Tuesday, March 14, 2017

Corporate Innovation is at Risk ...

A new product or service does not come around every day. Organizations are built around the core innovative idea and thrive on systems, processes and capabilities to manage subsequent growth. In more mature organizations, repeatable processes are created to deliver the value, service and support to customers. However, this "order and routine" also leads to a corporate culture that becomes “inhospitable” to innovation. Let me share a great quote from one of marketing's leading innovative thinkers - this would become my inspiration for this post. 

“Organizations by their very nature are designed to promote order and routine. They are inhospitable environment for innovation.” - Ted Levitt.

How can we look at innovation in a mature organization?

As someone has said, “innovation is anything, but business as usual.” Most daily tasks in an office tend to fall into the routine job duties, but the teams need to be encouraged to challenge the status quo and find ways to improve product, service, processes.
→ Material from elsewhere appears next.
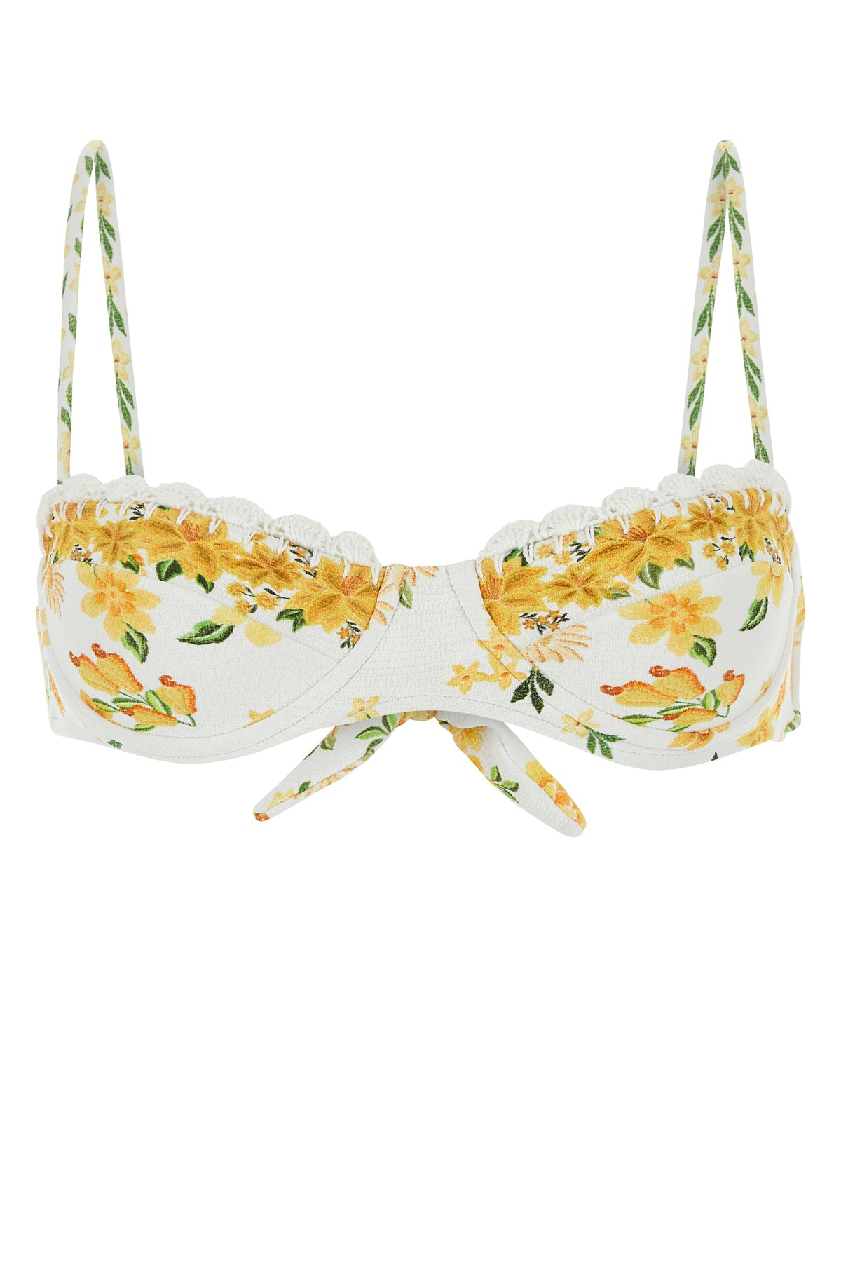 Balcony bikini top realized in stretch nylon characterized by floral print on the entire surface.

In other words, INNOVATE! 

Let’s take an example of a project meeting that I participated in. While trying to resolve the poor quality complaint on a new product, it was brought to our attention that often the call-issue is not captured and/or is categorized inaccurately in CRM system. Adding a new complaint code based on new service would have seemed like an obvious next step, but, the support team was reluctant to do so, as it would overload the already complex list. A deeper dialogue revealed that patching the legacy systems (linear fixwas no longer a viable option and our analysts suggested an overhaul of CRM-coding that better represented the new business and customer experience priorities (innovative fix. I saw the innovation happen right there!

Innovation does not start at the CEO level, or even at one or 2 levels below. It can just as easily start at the lowest level, amongst the troops in the trenches. It is our analysts and managers, who are interacting with the customers, vendors and internal stakeholders that are most aware of the issues and probably can help lead or collaborate on more pragmatic go-forward strategies. 

If you happen to be in such advanced organizations, don't be surprised if the next great idea for customer service, cost efficiency, reporting, etc., comes from one of the many of the "routine" meetings. It is these voices that need to be heard! It is this “out of the box” thinking that needs to be encouraged! It is this "corporate culture" that needs to be nurtured! It is the senior leaders who should lead such "corporate innovation” by encouraging participation and curbing the “quick resolution” mindset.

Corporate innovation can only be kept alive if we let the “bottoms-up” approach to flourish.

Here are a few ideas to encourage corporate innovation:

  • Tying manager performance with matrix feedback from colleagues, which will ensure that managers are encouraging participation
  • Training project managers to record and follow-up on any “out of the box” initiatives that emanate from the routine meetings, instead of staying focused on task lists
  • Senior leadership finding time to discuss those ideas, not always relying on a formal business case to justify the time/resources spend
  • Institutionalizing a reward system for innovative ideas and solutions, and making sure idea, and NOT the value, is recognized - value invariably follows!

Corporate innovation, if done right, holds real promise for more mature organizations. It ought to be at the core of corporate culture and true leadership here would improve employee engagement, get them vested deeper with the organization’s success, and may significantly contribute to the bottom-line.